The working height should be above your waist and below your elbow. My preference is slightly below my belly button. I would ignore what is right for most people and focus on what is right for you, unless you are running a woodworking club with community tools.

Regards,
Steve


----------



## ryan50hrl (Jun 30, 2012)

Here's a link to my build thread....I also have a DW735 which I recently built a stand for. There are photos....and dimensioned plans in my thread. 

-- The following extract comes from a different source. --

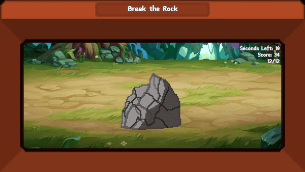 Spam the action button in order to do damage and eventually break the rock, the more rocks you break the bigger the increase to your party's base HP, Attack and Defense stats.

http://www.woodworkingtalk.com/f13/planer-stand-47197/


----------



## Pirate (Jul 23, 2009)

Build it as high as comfortable. As long as the bottom of the stand is wide enough.
I bought the 450# planer in the picture, and was worried about the base, and it tipping over. I can to find out, I can't tip it over if I tried. Of course it weighs a lot.
It has 4 swivel casters, without locks, and doesn't move when used.
With a lighter planner, adding weight to the base might help.


----------



## Joeb41 (Jun 23, 2012)

Great planer, I love mine. I went with the flip stand so it slides under a bench when not in use. It also becomes a outfeed table for the table saw. The stand is 30" high and that works for my 5'-9" height.


----------



## Pirate (Jul 23, 2009)

Joeb41 said:


> Great planer, I love mine. I went with the flip stand so it slides under a bench when not in use. It also becomes a outfeed table for the table saw. The stand is 30" high and that works for my 5'-9" height.


Hmmmm. Never thought of putting my planner on a flip stand. I guess my Ubisaw, plus a little extra weight, might balance it out.
Oh, wait, your talking about the DW735. Lol


----------